The instructional materials for ORIGO Stepping Stones 2.0 Grade 3 meet expectations that they attend to those standards that set an expectation of procedural skill and fluency. Materials attend to the Grade 3 expected fluencies, single-digit products and quotients (products from memory by end of Grade 3) and add/subtract within 1000.

The instructional materials develop procedural skills and fluencies throughout the grade-level. Opportunities to formally practice procedural skills are found throughout practice problem sets that follow the units. Practice problem sets also include opportunities to use and practice emerging fluencies in the context of solving problems. Ongoing practice is also found in Assessment Interviews, Games, and Maintaining Concepts and Skills.
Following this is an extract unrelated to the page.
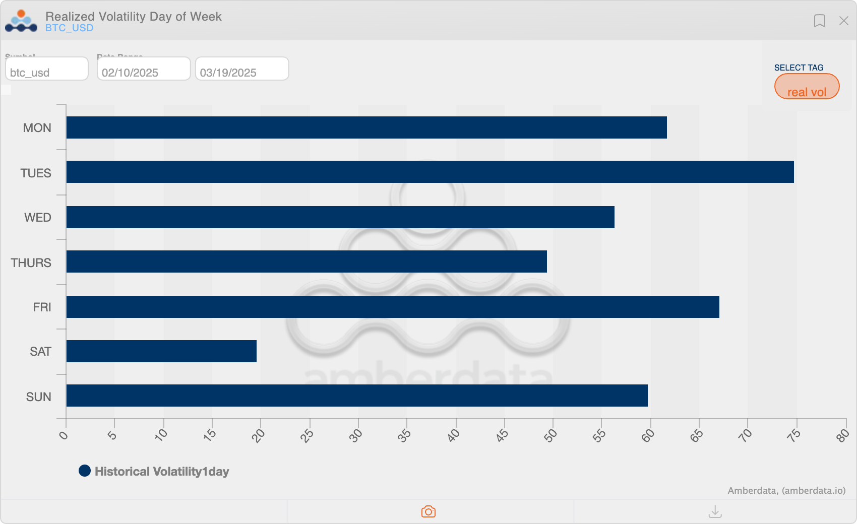 According to Amberdata, Tuesdays have been the most volatile day of the week thus far in 2025, particularly over the past month, where realized volatility has averaged 82.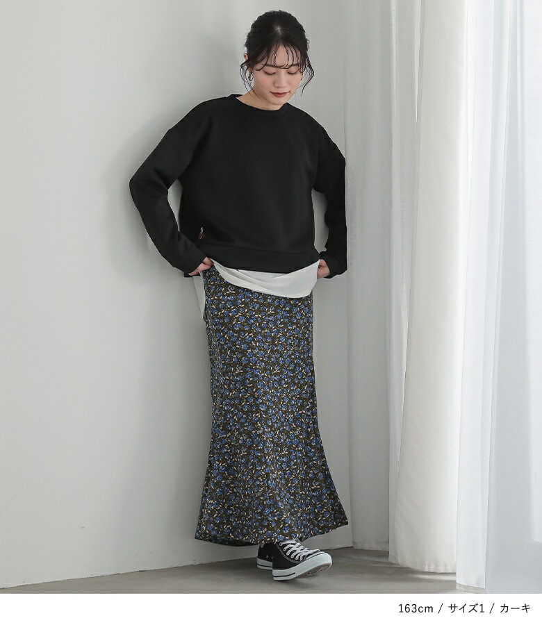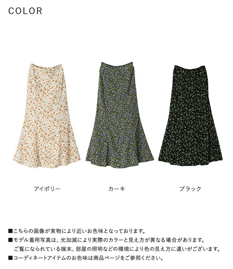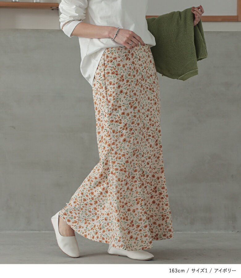 [2/20(木)23:59迄クーポンで全品30%OFF]スカート レディース ボトムス ロング丈 マキシ丈 マーメイド 小花柄 花柄 セミマーメイド セミフレア 伸縮性 裏地付き ポケット ウエストゴム 春 夏 秋 オシャレウォーカー※メール便可※【10】

The materials attend to the Grade 3 expected fluencies, fluently multiply and divide within 100, using strategies such as the relationship between multiplication and division or properties of operations (3.OA.7). By the end of Grade 3, know from memory all products of two one-digit numbers. For example, In Module 3, Lesson 1, students build fluency through completing Maintaining Concepts and Skills. In Maintaining Concepts and Skills, students identify addition, subtraction and multiplication facts primarily of fives and tens.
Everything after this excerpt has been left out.